### Task instructions
Go to the line below that contains "Приложение изначально создавалось". From there to the end of the records, reproduce each line exactly, except the pictures.

Items from a data source
• • • •
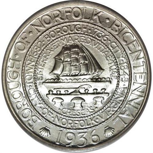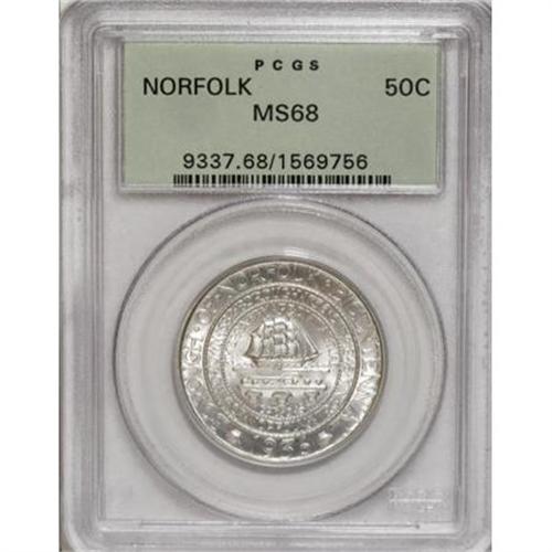 <B>1936 50C Norfolk MS68 PCGS.</B></I> Coruscating luster exudes from each side of this gorgeous Norfolk commemorative, and a penetrating strike sharpens the design features. While the well preserved surfaces appear untoned to the unaided eye, magnification reveals whispers of barely discernible powder-blue and lilac color. Housed in a green-label holder.<BR><BR><b>Shipping:</b> Coins & Currency (<a target="_blank" href="http://www.heritageauctions.com/common/shipping.php">view shipping information</a>)
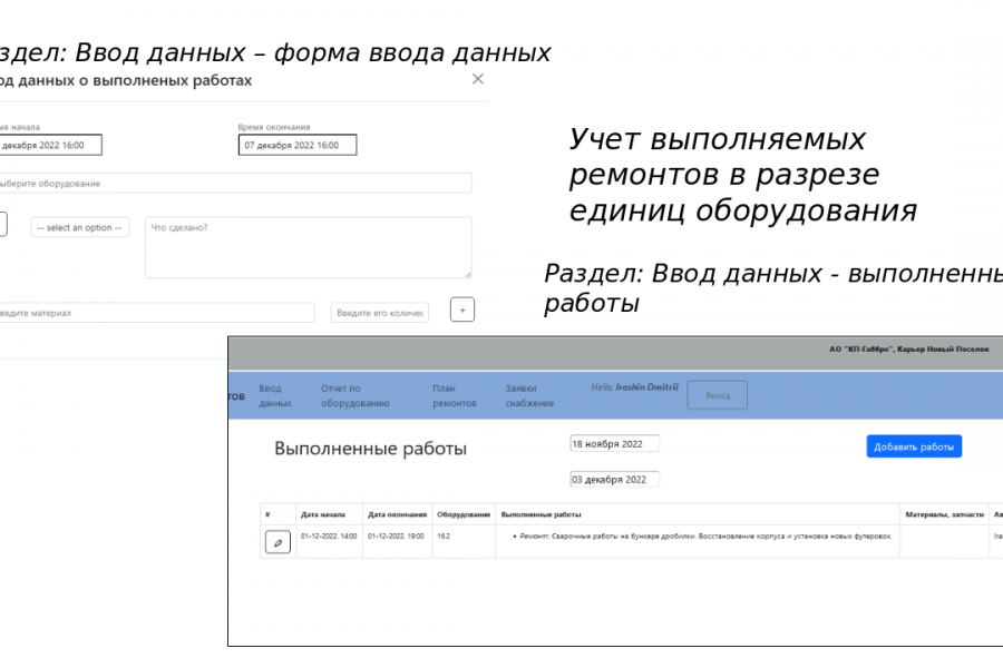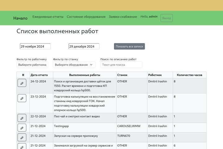 Приложение изначально создавалось для ремонтной службы карьера. С тем, чтобы улучшить текущий процесс, когда работы записывались в таблицу эксель, планируемые работы по сути не учитывались, заявки делались устно и имели свойство забываться. Смысл приложения в том, чтобы было удобно учитывать все работы по ремонту и обслуживанию оборудованию, а также организовать систему хранения информации.
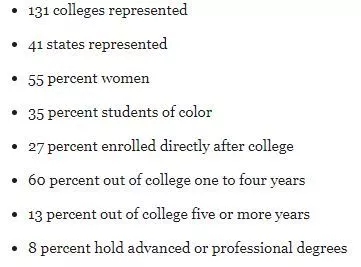 NYU对GPA的要求很高,而LSAT的要求却相对“亲民”,因此中国对于申请者而言,在争取高LSAT的同时,保持在校成绩的顶尖是获得NYU芳心的不二路径。73%的学生是毕业一年以及更久的时间才重返校园,这一数据表明,“迎娶女神校”是场持久战,“TA”更青睐阅历丰富的优秀申请者。所以除了在校时要提高各方面的硬件水平,拥有丰富的法律实践更能获取NYU的倾心。
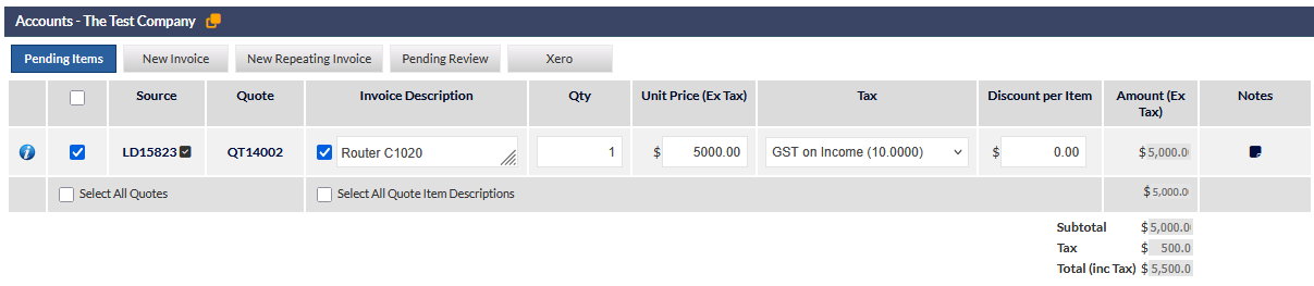 The following screenshot shows the Pending Items Tab selected. In this example, there is a single invoice line item that is a line item from a Quote.
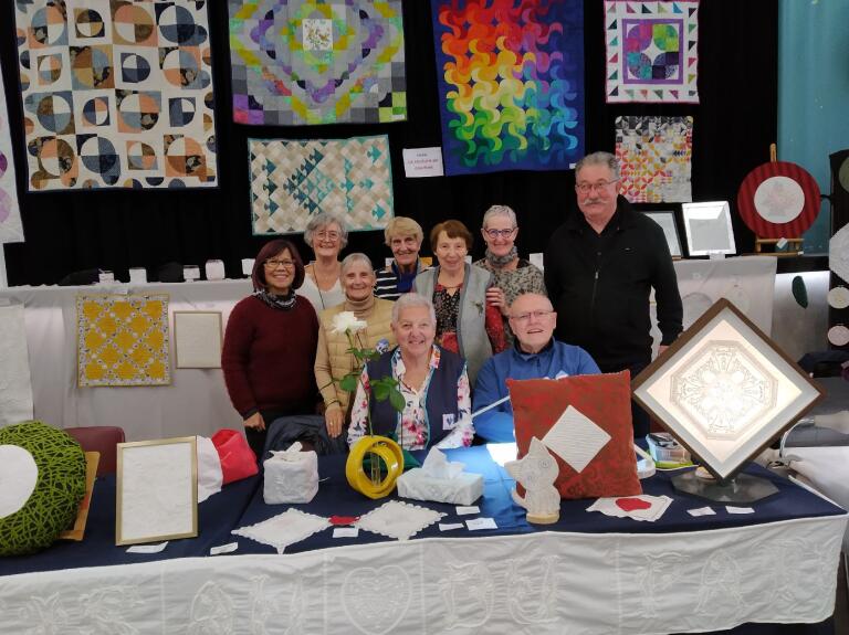 Un joli contraste entre les couleurs chatoyantes du patchwork et le blanc des boutis.
• • • •
### Result for this task
 Приложение изначально создавалось для ремонтной службы карьера. С тем, чтобы улучшить текущий процесс, когда работы записывались в таблицу эксель, планируемые работы по сути не учитывались, заявки делались устно и имели свойство забываться. Смысл приложения в том, чтобы было удобно учитывать все работы по ремонту и обслуживанию оборудованию, а также организовать систему хранения информации.
 NYU对GPA的要求很高,而LSAT的要求却相对“亲民”,因此中国对于申请者而言,在争取高LSAT的同时,保持在校成绩的顶尖是获得NYU芳心的不二路径。73%的学生是毕业一年以及更久的时间才重返校园,这一数据表明,“迎娶女神校”是场持久战,“TA”更青睐阅历丰富的优秀申请者。所以除了在校时要提高各方面的硬件水平,拥有丰富的法律实践更能获取NYU的倾心。
 The following screenshot shows the Pending Items Tab selected. In this example, there is a single invoice line item that is a line item from a Quote.
 Un joli contraste entre les couleurs chatoyantes du patchwork et le blanc des boutis.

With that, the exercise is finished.